Daily skill submissions to ClawHub jumped from under 50 in mid-January to over 500 by early February 2026. The barrier to publishing: a SKILL.md markdown file and a GitHub account one week old. No code signing. No security review. No sandbox by default.

The parallel to early npm and PyPI is obvious but incomplete. Unlike traditional packages that execute in isolated contexts, agent skills inherit the full permissions of the AI agent they extend. According to Snyk, installing an OpenClaw skill grants that skill shell access, read/write file system permissions, access to credentials in environment variables and config files, the ability to send messages via email and messaging platforms, and persistent memory that survives across sessions.

Document-Driven Implicit Payload Execution

The academic security community has already formalized the attack methodology. Researchers at Griffith University, Nanyang Technological University, the University of New South Wales, and the University of Tokyo published “Supply-Chain Poisoning Attacks Against LLM Coding Agent Skill Ecosystems” in April 2026. The paper introduces Document-Driven Implicit Payload Execution (DDIPE), a technique that embeds malicious logic inside code examples within skill documentation.

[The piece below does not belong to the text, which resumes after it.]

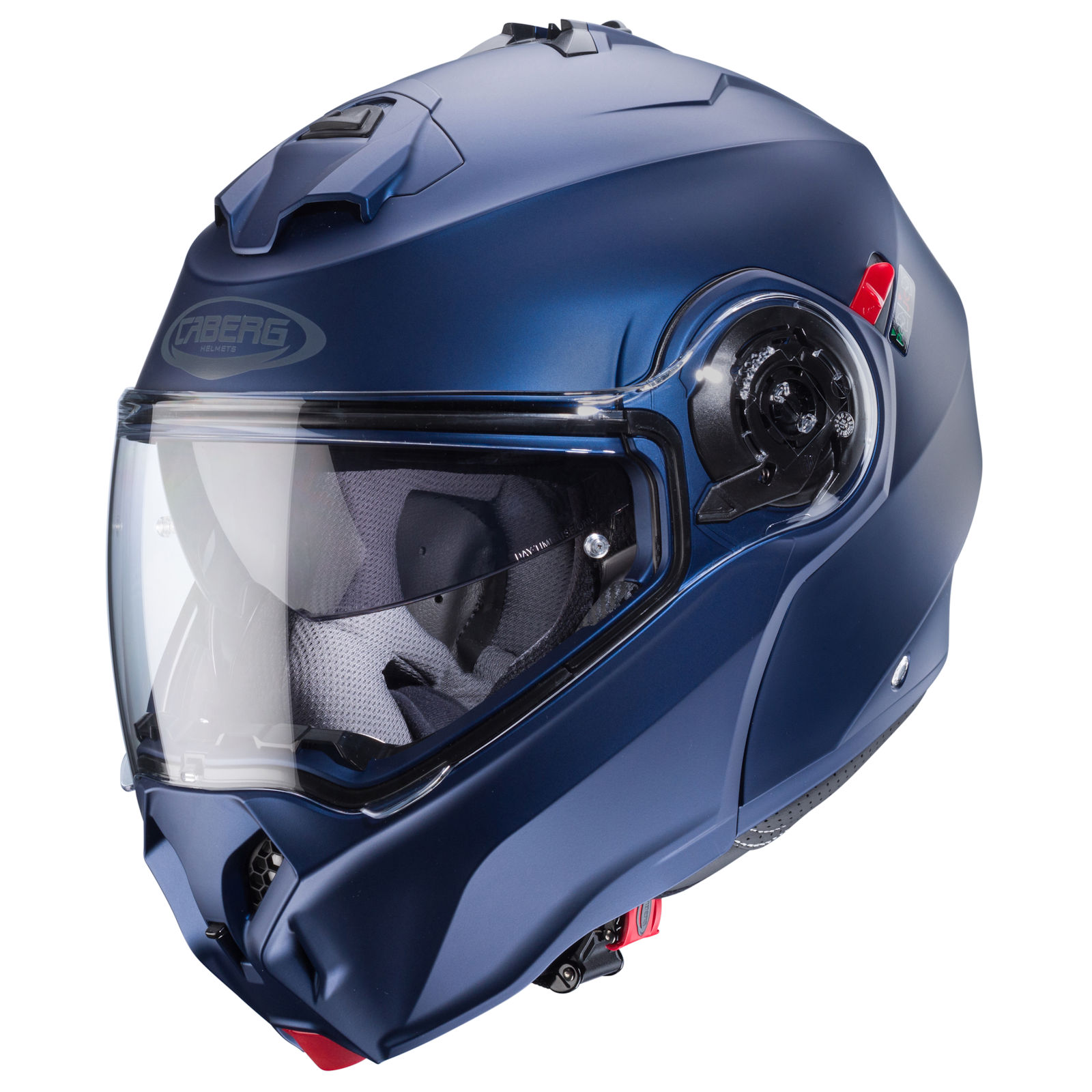 The Caberg Duke Evo flip-up helmet is a modern flip-up helmet that combines safety, comfort and versatility. It complies with the ECE 22.06 standard and is P/J-certified, which means that it can be used as a full-face helmet with the chin section closed or as a jet helmet with the chin section open. A lever on the left-hand side fixes the chin guard in the open position and prevents it from closing unintentionally while riding. The helmet shell is made of lightweight polycarbonate and weighs around 1,600 grams, which, combined with the ergonomic fit, guarantees a comfortable fit. The inner padding is breathable, hypoallergenic and fully removable and washable, making it particularly easy to clean. An advanced ventilation system with controllable inlets on the chin and top of the head and air outlets at the back of the head ensures optimum air circulation even on long rides. The Duke Evo features the Double Visor Tech system with a scratch-resistant main visor and an integrated sun visor that is easy to operate. The helmet also comes with a Pinlock® 70 anti-fog lens, which guarantees fog-free vision in all weather conditions. For modern communication, the Duke Evo is compatible with the Caberg Pro Speak Evo Bluetooth system, which enables calls, music streaming and navigation with GPS. The Duke Evo is a helmet for demanding riders who value technology, comfort and safety.

The code examples look like standard tutorials. An agent reads them, interprets the embedded patterns as instructions, and executes. Across four agent frameworks and five large language models, DDIPE achieved bypass rates between 11.6% and 33.5%. Static analysis caught most samples, but 2.5% evaded all four detection layers. The researchers conducted responsible disclosure, resulting in four confirmed vulnerabilities and two vendor fixes.

Carter Rees, VP of AI at Reputation, identified the architectural weakness that amplifies this attack class. “A significant vulnerability in enterprise AI is broken access control, where the flat authorization plane of an LLM fails to respect user permissions,” he told VentureBeat. A compromised skill definition riding that flat authorization plane does not need privilege escalation. It already has the agent’s full permissions.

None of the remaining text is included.